= Drop Shot =

Crime novel by Harlan Coben

First edition (publ. Dell Books)

Drop Shot is a murder mystery by Harlan Coben. It is the second novel featuring Myron Bolitar. It was published in 1996.

==Plot ==

A young woman is shot in cold blood, her lifeless body dumped outside the stadium at the height of the US Open. At one point, her tennis career had skyrocketed. Now headlines were being made by a different young player from the wrong side of the tracks.

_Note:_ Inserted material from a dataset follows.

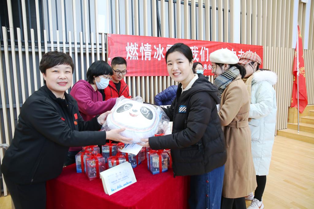 最后,各位老师为同学们送上冬奥纪念品并合影留念。

When Myron Bolitar investigates the killing, he uncovers a connection between the two players and a six-year-old murder at an exclusive club. Suddenly, Myron is in over his head. And with a dirty senator, a jealous mother, and the mob all drawn into the case, he finds himself playing the most dangerous game of all.

==Main characters==

- Myron Bolitar : Ex-basketball player, currently works as sports agent. Owner of MB SportReps.
- Windsor "Win" Horne Lockwood, III : Myron's best friend and owner of Lock-Horne Investments & Securities.
- Esperanza Diaz : one of Myron's best friends, currently working for him as an assistant.
- Jessica Culver : Myron's girlfriend.
- Duane Richwood : Myron's client, and a tennis player playing in the U.S. Open.